__Exercise requirements__
Where the data below begins, start retyping exactly, and end on the line with "In de badkamer", which is included; no picture goes in.

__Dataset__
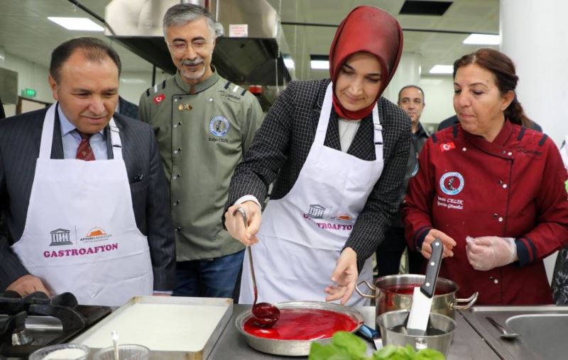 Öğretim Görevlisi Tansu Çelik, UNESCO tarafından Gastronomi şehri seçilen Afyonkarahisar’ın lokal lezzetleri içinde yer alan vişne, yumurta, tavuk patates, kaymak ürünlerine yer verilerek öğrencilerde farkındalık oluşturmayı hedeflediklerini belirtti. Öğretim Görevlisi Erkan Çelik ise Afyonkarahisar’ın özel gün tatlıları arasında yer alan paluze tatlısının özellikle doğum ve davet yemeklerinde sunulan sağlıklı besleyici bir tatlı olduğunu, öğrenciler tarafından ilgiyle hazırlanıp tüketildiğini ifade etti.
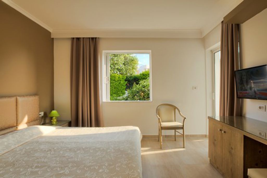 In de badkamer treft u een bad of douche, toilet en föhn. Alle kamers hebben een balkon of terras met uitzicht op zee, zwembad, tuin of bergen. Verblijft u liever in een studio? Dat is bij Alexandra Beach Aparthotel mogelijk! De studio's (1-2 personen) beschikken over een kitchenette met koelkast, waterkoker en koffiezetapparaat. Ook een telefoon, radio, televisie, en airconditioning zijn te vinden in de studio.
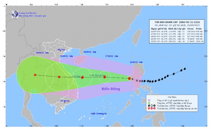 (VOV5) -Sáng 26/9, bão Noru vượt qua khu vực phía Nam của đảo Luzon (Philippines), đi vào Biển Đông, dự báo, chiều tối 27/9 bão vào miền Trung Việt Nam.
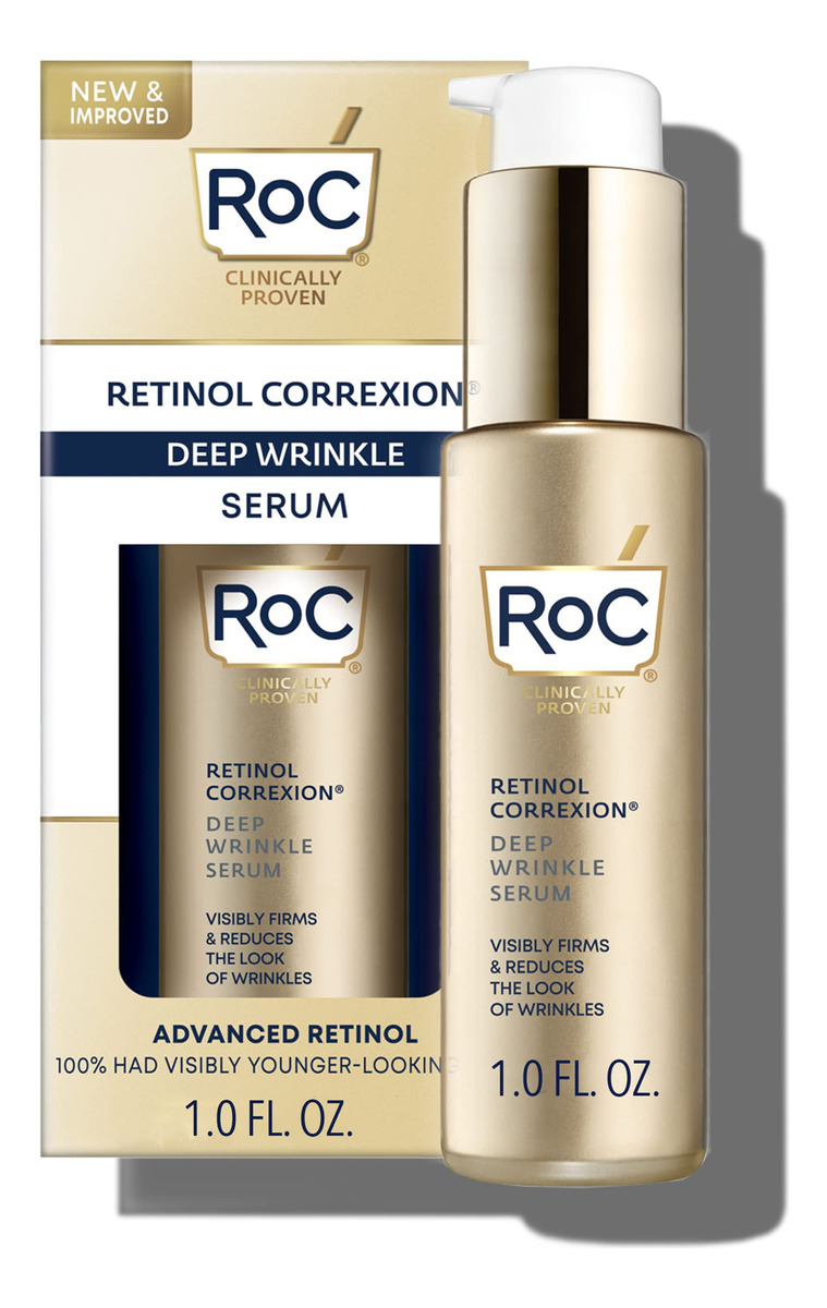 Sérum facial RoC Retinol Correxion Deep Wrinkle Retinol com ácido ascórbico, tratamento diário antienvelhecimento para linhas finas, manchas escuras e cicatrizes de acne, 1 onça (a embalagem pode variar) — Tratamento de sérum antirrugas: reduz visivelmente os sinais de envelhecimento da pele. Esta fórmula potente com antioxidantes alimentados por Roc Retinol é clinicamente comprovada para proporcionar uma pele mais lisa, firme e radiante e ajudar a reduzir a aparência de rugas profundas. Suave o suficiente para uso diário por homens e mulheres. – RESULTADOS COMPROVADOS: Com o uso diário, está clinicamente comprovado que este sérum ajuda a proporcionar uma pele mais lisa e radiante em 4 semanas e a diminuir a aparência de fotodanos em 8 semanas. As rugas profundas parecem visivelmente reduzidas. Não gorduroso. Não comedogênico. Testado por dermatologistas. – FÓRMULAS ANTIENVELHECIMENTO: Se você está procurando uma solução para rugas profundas, linhas finas, olheiras, pés de galinha, tom de pele irregular ou pele seca, temos a fórmula antienvelhecimento ideal para você. – CIÊNCIA E BELEZA: Produzimos uma ampla variedade de produtos e tratamentos para a pele, incluindo hidratantes diários com SPF, ácidos hialurônico e niacinamida, limpadores faciais, séruns de vitamina C, regimes de retinol para tonalidades de pele e rugas e cremes para embaixo dos olhos, firmeza do pescoço, decote e muito mais. – INOVAÇÃO EM CUIDADOS COM A PELE: Nossos produtos são reconhecidos por líderes do setor de beleza e dermatologistas por sua melhor eficácia. Continuamos pesquisando e inovando novas fórmulas para uma pele mais saudável.
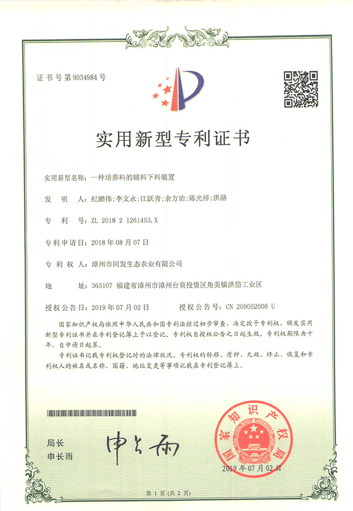 一種培養料的輔料下料裝置專利證書
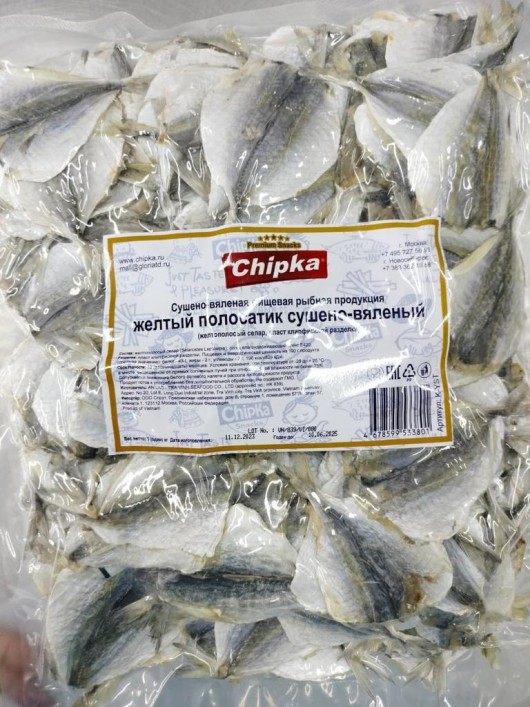 Основным экспортером желтого полосатика является Вьетнам. Сушеная рыбка изготавливается по простой и надежной технологии. Для длительного хранения такой продукции не обязательно использовать холодильник. Желтый полосатик фасуется по 1 кг. Минимальный объем – это 1 коробка весом в 10 кг.
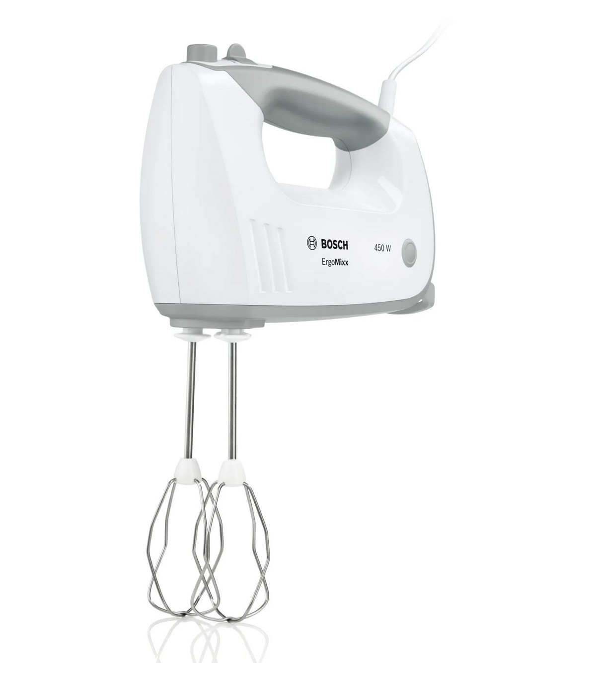 * Ergonoomiline pehme kattega käepide – mugavaks ja ohutuks mikserdamiseks, värv: valge/hall
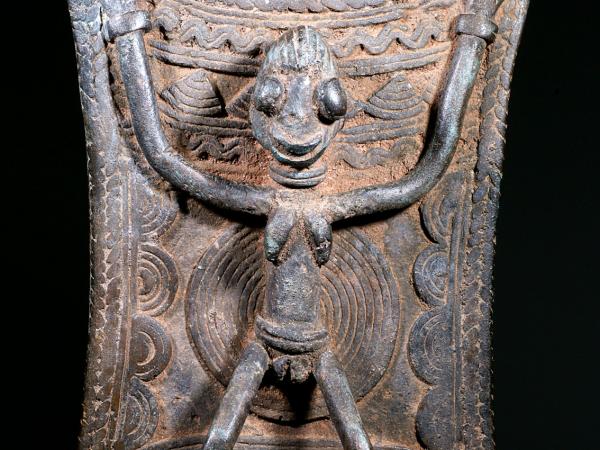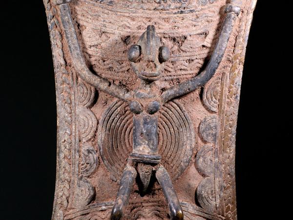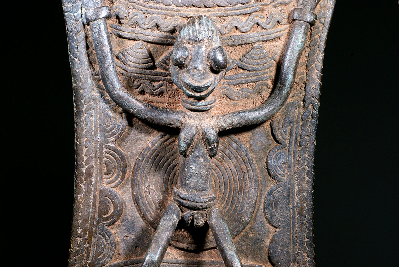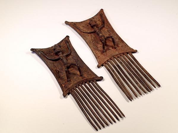 - Magnifique paire de peignes dits "kwèkwè" en bronze avec figures masculine et féminine. La position des personnages de ce couple interpelle ainsi que les bracelets (ou menottes) aux pieds et aux mains. Est-ce que ce sont des captifs ? S'agit-il d'une scène de supplice ? Cette scène étonnante renvoie-t-elle à un mythe ou à un conte ? Même si l'on s'interroge sur le sens de ces deux pièces des Dafing, on reste frappé par leur expressivité et la richesse de leurs détails ornementaux. Les Dafing (appelés aussi Marka) sont une ethnie du Burkina et du Mali habitant la région du bassin du Mouhoun. Acheté à Ibrahim Zonon, antiquaire au Burkina Faso.
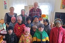В рамкках Года родных языков и народного единства воспитанники дошкольной группы накануне Дня Победы, вместе со своими воспитателями Новиковой М.В. и Родионовой В.П. побывали в гостях у ветеранов тыла, детей войны семьи Костиных. Они поздравили их с наступающим праздником, вручили подарки, изготовленные своими руками.
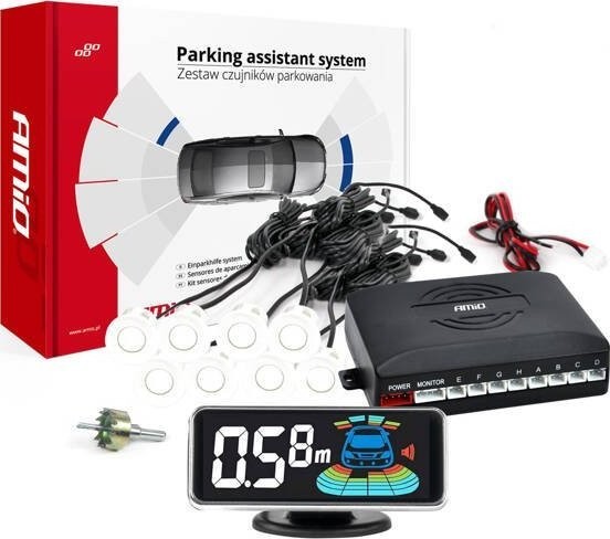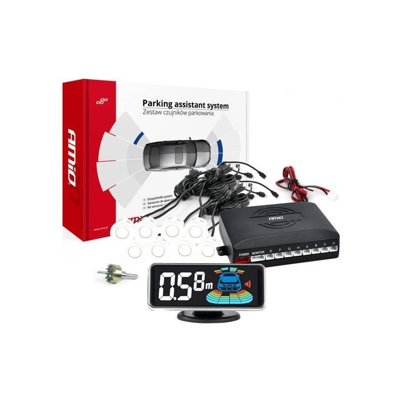 AMiO Czujniki parkowania cofania białe LED 3D przód tył AMIO-03194
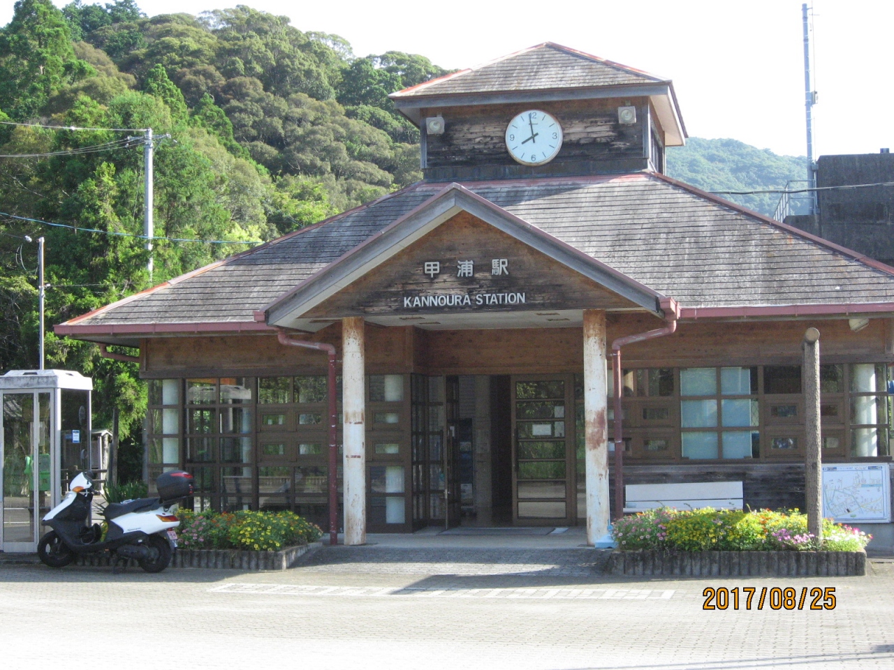 徳島駅から、四国一周するために、南方向に移動すると、この、甲浦駅で終点、行き止まりとならます。隣の、奈半利駅までは、ぐるっとバスでの移動となります。

__Output of the task__
 Öğretim Görevlisi Tansu Çelik, UNESCO tarafından Gastronomi şehri seçilen Afyonkarahisar’ın lokal lezzetleri içinde yer alan vişne, yumurta, tavuk patates, kaymak ürünlerine yer verilerek öğrencilerde farkındalık oluşturmayı hedeflediklerini belirtti. Öğretim Görevlisi Erkan Çelik ise Afyonkarahisar’ın özel gün tatlıları arasında yer alan paluze tatlısının özellikle doğum ve davet yemeklerinde sunulan sağlıklı besleyici bir tatlı olduğunu, öğrenciler tarafından ilgiyle hazırlanıp tüketildiğini ifade etti.
 In de badkamer treft u een bad of douche, toilet en föhn. Alle kamers hebben een balkon of terras met uitzicht op zee, zwembad, tuin of bergen. Verblijft u liever in een studio? Dat is bij Alexandra Beach Aparthotel mogelijk! De studio's (1-2 personen) beschikken over een kitchenette met koelkast, waterkoker en koffiezetapparaat. Ook een telefoon, radio, televisie, en airconditioning zijn te vinden in de studio.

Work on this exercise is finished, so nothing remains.